The Bronx Museum of the Arts is celebrating its 50-year anniversary by showcasing the work of 68 promising young artists in its Artist in Marketplace exhibition.

This year’s show, “Bronx Calling,” focuses on ideas like health crises, grief, the environment, and the concept of identity. The free show is one of many programs planned to celebrate the museum’s anniversary and legacy as an institution committed to social justice.

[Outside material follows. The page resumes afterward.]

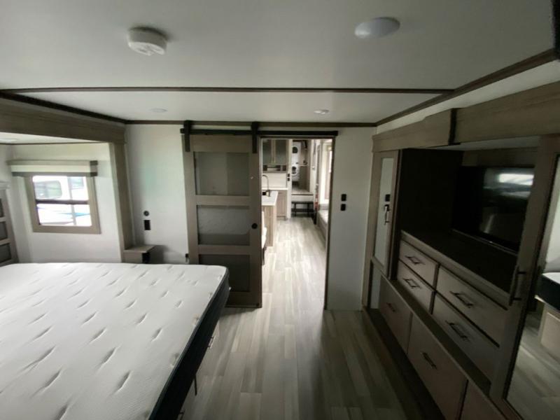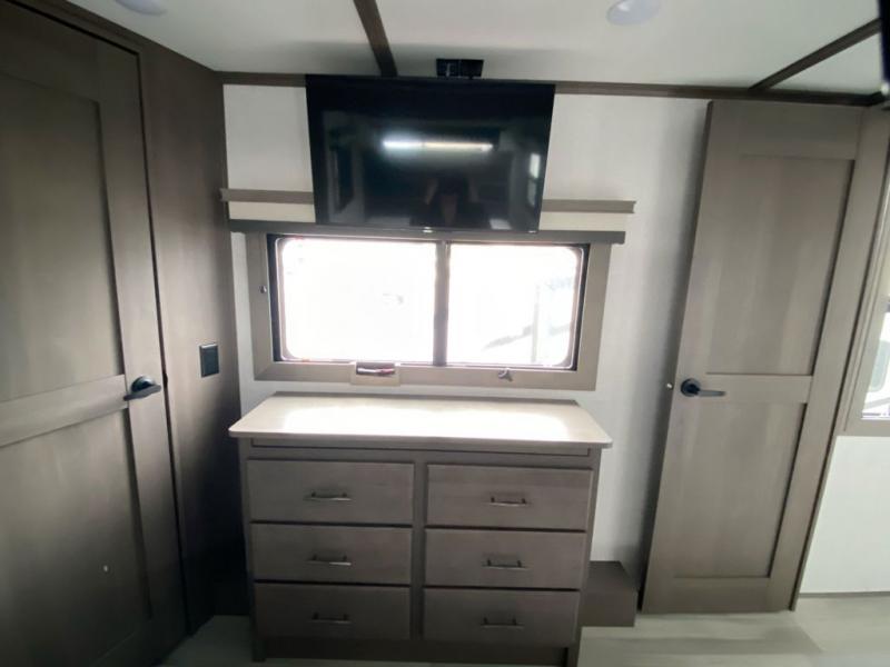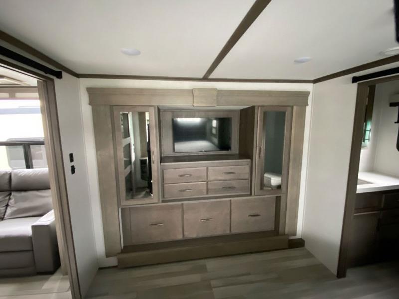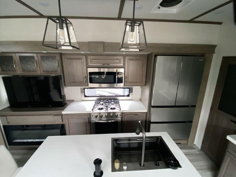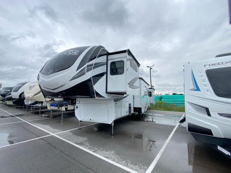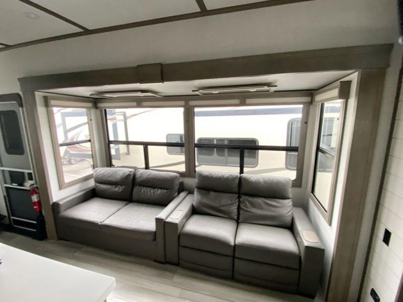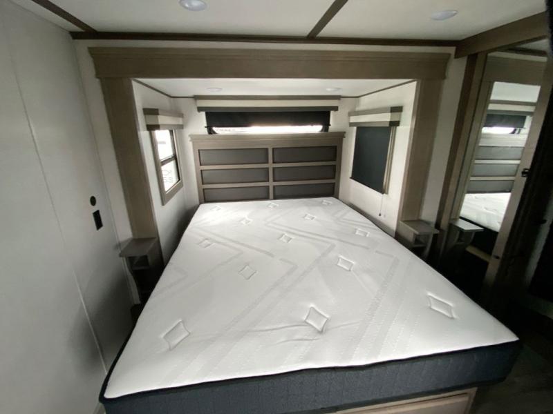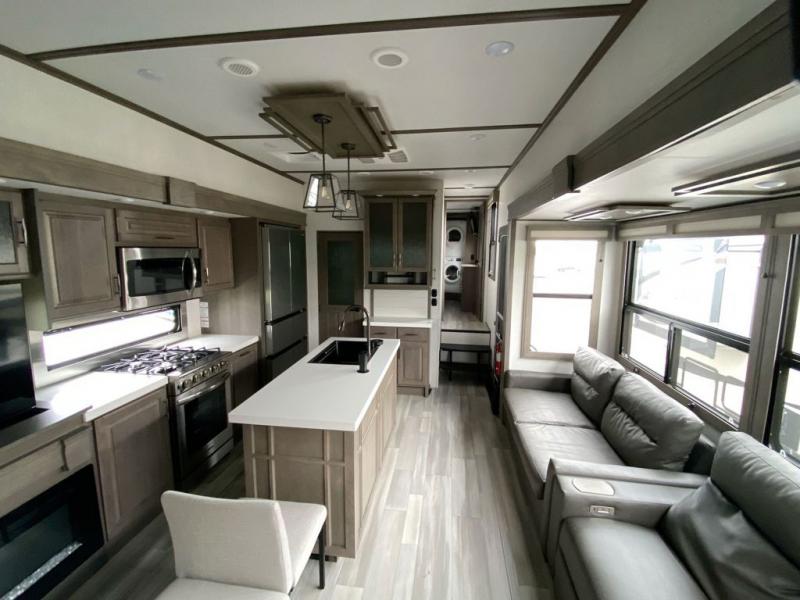 Each Solitude fifth wheel by Grand Design features a 101" wide-body construction, heavy duty 7,000 lb. axles, frameless tinted windows, and high-gloss gel coat sidewalls. You can camp year around thanks to the Weather-Tek Package that includes a 35K BTU high-capacity furnace, an all-in-one enclosed and heated utility center, and a fully enclosed underbelly with heated tanks and storage. Inside, you'll love the premium roller shades, hardwood cabinet doors, solid surface countertops and sinks, plus residential finishes throughout to make you truly feel at home. Each model also includes a MORryde CRE3000 suspension system, self adjusting brakes, and a MORryde pin box that will provide smooth towing from home to campground. Affordable luxury is possible with the Solitude fifth wheels; choose yours today!

Exhibition co-curator Ian Cofre explained that the Covid-19 pandemic prompted the themes of the exhibition.

It’s rare that we actually have, on a global scale, a universal experience on which to reflect. We were cognizant that the pandemic afforded us a way to confront and explore this moment through multiple perspectives,” he said.

The 68 artists featured, including 11 from New York and one from the Bronx, participated in the museum’s annual AIM Fellowship program in 2018 and 2019.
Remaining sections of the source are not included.